_What this task involves_.
In the listing below, the lines starting at the line with "Schulman, J. COLLECTION" and ending at the line with "Researchers recently used" are to be output verbatim. Images stay out of the copy.
Data supplied section start
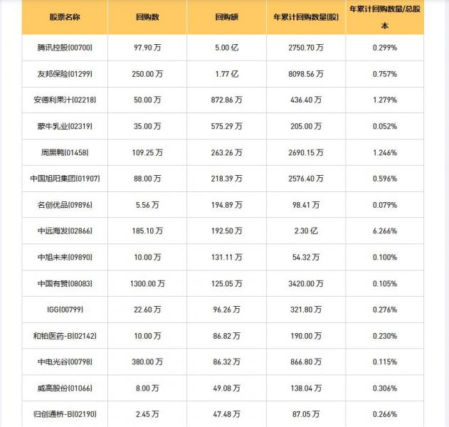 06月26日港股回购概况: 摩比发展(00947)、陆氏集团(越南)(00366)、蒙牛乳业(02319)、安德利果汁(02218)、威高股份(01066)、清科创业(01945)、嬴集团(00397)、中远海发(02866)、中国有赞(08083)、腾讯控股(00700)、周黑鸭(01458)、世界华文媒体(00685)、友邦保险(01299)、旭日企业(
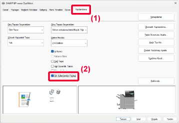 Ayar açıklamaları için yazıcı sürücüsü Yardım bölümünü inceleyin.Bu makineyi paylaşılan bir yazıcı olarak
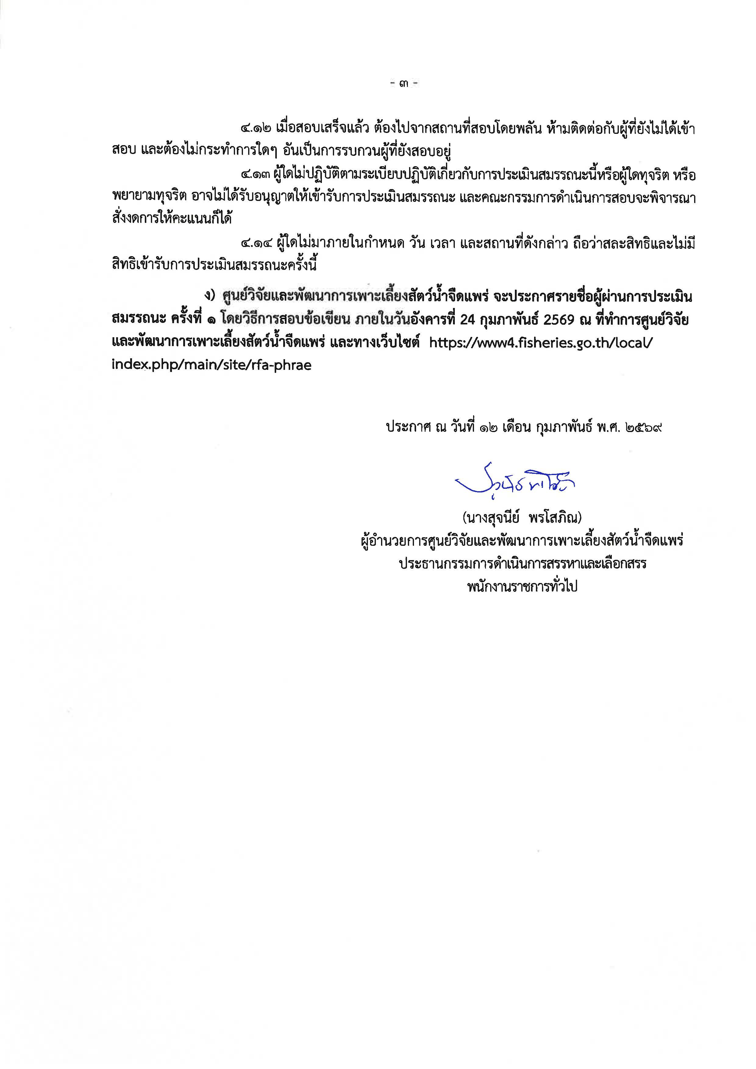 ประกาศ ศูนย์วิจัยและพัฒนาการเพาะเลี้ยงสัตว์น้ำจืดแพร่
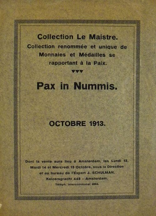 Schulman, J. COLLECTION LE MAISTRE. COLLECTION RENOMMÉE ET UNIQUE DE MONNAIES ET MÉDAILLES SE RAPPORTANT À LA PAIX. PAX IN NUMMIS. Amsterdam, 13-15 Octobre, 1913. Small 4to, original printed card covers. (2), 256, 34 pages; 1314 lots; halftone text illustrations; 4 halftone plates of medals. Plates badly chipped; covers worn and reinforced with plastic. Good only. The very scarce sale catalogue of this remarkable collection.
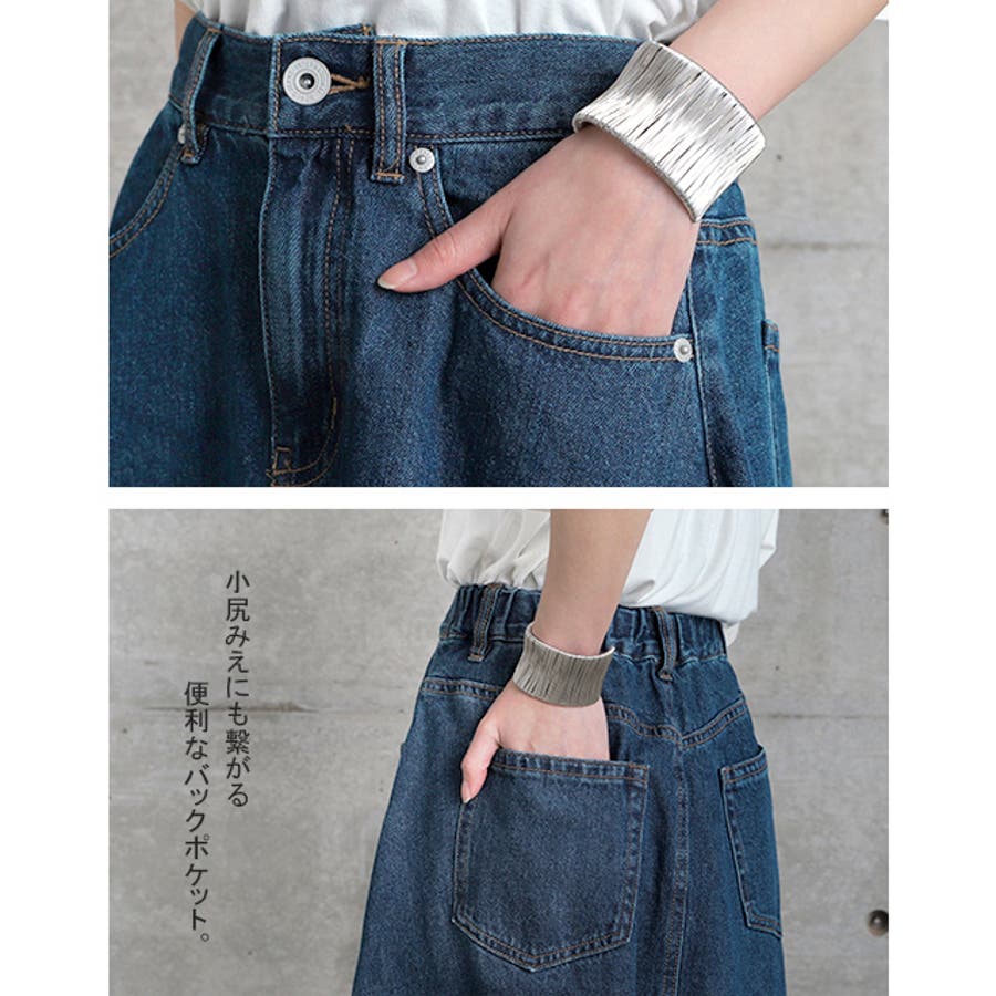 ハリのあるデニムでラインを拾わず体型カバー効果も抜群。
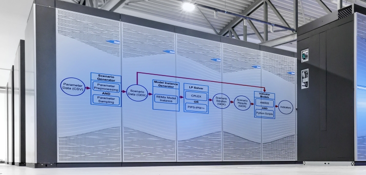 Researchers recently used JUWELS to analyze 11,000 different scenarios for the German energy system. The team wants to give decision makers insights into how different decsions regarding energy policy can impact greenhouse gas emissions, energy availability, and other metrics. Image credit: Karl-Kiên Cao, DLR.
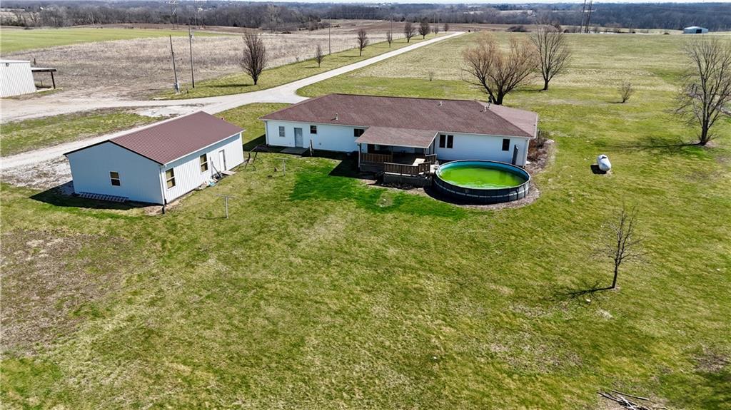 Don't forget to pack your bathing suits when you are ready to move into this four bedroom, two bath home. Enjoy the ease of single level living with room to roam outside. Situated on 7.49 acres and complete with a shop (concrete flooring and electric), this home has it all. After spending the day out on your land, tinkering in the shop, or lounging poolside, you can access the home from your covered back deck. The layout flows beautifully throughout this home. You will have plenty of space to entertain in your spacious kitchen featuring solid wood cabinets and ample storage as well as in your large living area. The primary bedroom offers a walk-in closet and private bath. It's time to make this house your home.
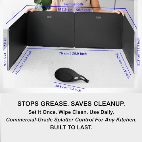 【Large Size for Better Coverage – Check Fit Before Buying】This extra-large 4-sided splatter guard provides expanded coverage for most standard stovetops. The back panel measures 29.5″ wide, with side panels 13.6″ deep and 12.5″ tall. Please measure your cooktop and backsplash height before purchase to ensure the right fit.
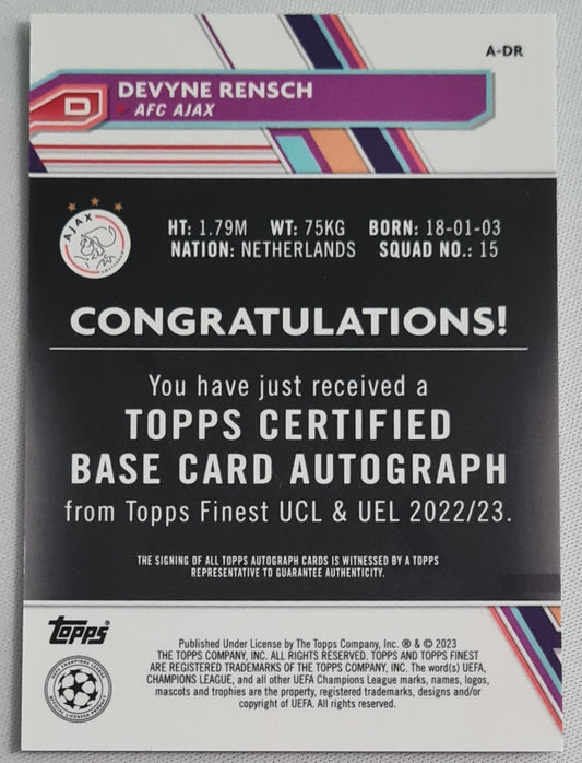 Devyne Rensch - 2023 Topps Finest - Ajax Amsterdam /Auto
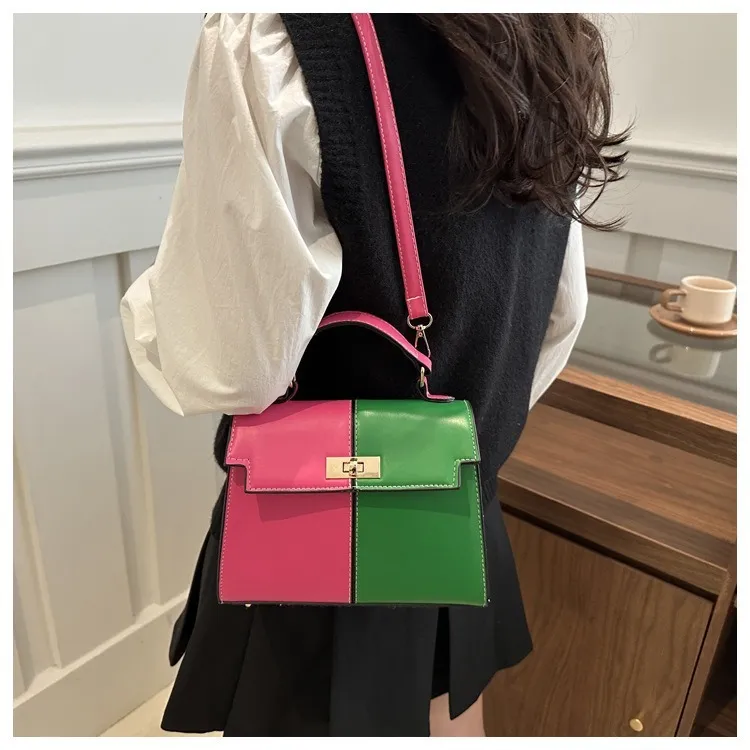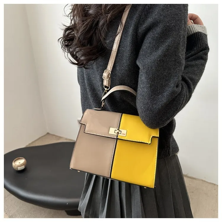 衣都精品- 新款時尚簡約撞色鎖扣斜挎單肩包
Data supplied section end
_Response for this exercise_.
 Schulman, J. COLLECTION LE MAISTRE. COLLECTION RENOMMÉE ET UNIQUE DE MONNAIES ET MÉDAILLES SE RAPPORTANT À LA PAIX. PAX IN NUMMIS. Amsterdam, 13-15 Octobre, 1913. Small 4to, original printed card covers. (2), 256, 34 pages; 1314 lots; halftone text illustrations; 4 halftone plates of medals. Plates badly chipped; covers worn and reinforced with plastic. Good only. The very scarce sale catalogue of this remarkable collection.
 ハリのあるデニムでラインを拾わず体型カバー効果も抜群。
 Researchers recently used JUWELS to analyze 11,000 different scenarios for the German energy system. The team wants to give decision makers insights into how different decsions regarding energy policy can impact greenhouse gas emissions, energy availability, and other metrics. Image credit: Karl-Kiên Cao, DLR.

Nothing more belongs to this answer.